The novel is set in the first months of 2011 just as the Arab Spring is becoming a revolutionary wave of demonstrations, protests and civil wars across North Africa and the Middle East. Given this volatile environment, the embassy has instructed everyone to be on high alert, especially newcomers like Margaret. Ignoring the warnings of the authorities, Margaret decides to befriend Hasson, a handsome security guard. But what Margaret sees as an ordinary American gesture horrifies Cass, who sees in Margaret a young woman unwilling to learn the area’s basic cultural values: “I hadn’t yet realized Margaret would cling to her ignorance, even delight in it.” A seemingly innocent handshake becomes something much darker in a world where it is frowned upon for Western women to assist or touch Arab men.

At first, Cassie despises Margaret with “her perky body, her dashing husband, and her fertile ovaries,” but she ultimately takes pity on her when it is revealed that Margaret is not that interested in associating with the embassy community. Instead Margaret pleads with Cass to take her and her baby boy, Mather, on a day trip to the Dead Sea. Margaret’s sudden fender bender is a reminder to Cass that no one but Margaret is in control. Guilty that she is somehow responsible, Cass offers to look after Mather while Margaret pays a “guilt fee” at the main police headquarters in downtown Amman. Ensconced in Margaret’s palatial apartment with crying Mather, Cass accidently discovers Margaret’s journal. “Green with a filigree of gold along the edges,” the journal is a way for Margaret to keep notes for Mather so that he can look back and read about all the things they did in Jordan: “to make him remember them.” But in reading the journal, Cass becomes increasingly unstrung and desperate as she attempts to tie up the ends of her own unfinished life.

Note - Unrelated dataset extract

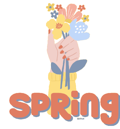 A stylized hand with red nail polish holds a vibrant bouquet of spring flowers, with the word 'SPRING' below.
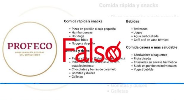 La Profeco desmintió durante este domingo que una imagen con una nueva “lista de alimentos que se pueden ingresar a los cines” en México, la cual fue difundida en redes sociales como X con el logo de la Procuraduría Federal del Consumidor (Profeco).

The clock ticks; the hours pass. Cass checks her phone, realizing it is well over an hour since Margaret left: “I only meant to help her. At least that’s what I intended in the beginning...when things were so perfect between us.” Cass plunges into a growing atmosphere of anxiety when Margaret doesn’t answer. She has no idea where her friend actually is, and she worries when she thinks about Margaret’s penchant for going off on tangents and taking wrong turns. All would have been well if Margaret hadn’t sped up and gone through the yellow light. When Cass gets a call from Dan, we see the slow deterioration of Cass’s confidence in her marriage. The men in the story (including the Jordanians) are not always interchangeable. Crick is a man of action, but he’s blindsided by the actions of his wife. Cass considers telling Dan everything, spilling out all of her assumptions about Margaret’s so-called “Arab classes” and her ill-advised trip to Jerash to visit to Hassan at his home.

Flashing between Cass and Margaret’s voices, Fallon’s novel is a study in contrasts. These two very different women are caught between light and shadow, opulence and poverty, secularism and religious belief, justice and vengeance – and these differences often appear interchangeable. The shifting light of Amman acts as a dramatic backdrop to Cass and Margaret’s dramas. This is a city on fire with its the golden sandstone and square windows of glass constantly erupting in light. Ritzy townhouse complexes and canvas tents compete in a city that is untamed and overflowing and, for Margaret, always so alive. Fallon weaves this all together into a suspenseful recount of Margaret’s initial courtship with Crick. While Crick’s threat reverberates, Dan remains in Italy, unable to truly understand Cass’s pleas that Margaret is up to something, “that something isn’t quite right.” In reading all about her friend’s life, Cass begins to understand that her arguments against Margaret now “feel so feeble.”

Though Cass’s petty judgments against Margaret are sometimes irritating, most appalling is her decision to betray her new friend. The damage is irrefutable. “This is what you need to see, this is Jordan. Right now, in this moment breathing, alive.” That quote symbolizes Margaret’s passionate, untamed view of this country. Likewise, Fallon’s depiction of Cass, the older woman responsible for ensuring that every whim of her guest is taken care of instantly, is perhaps the struggle of a woman left alone to trace her own way through her marriage, her guilt, and finally, her forgiveness.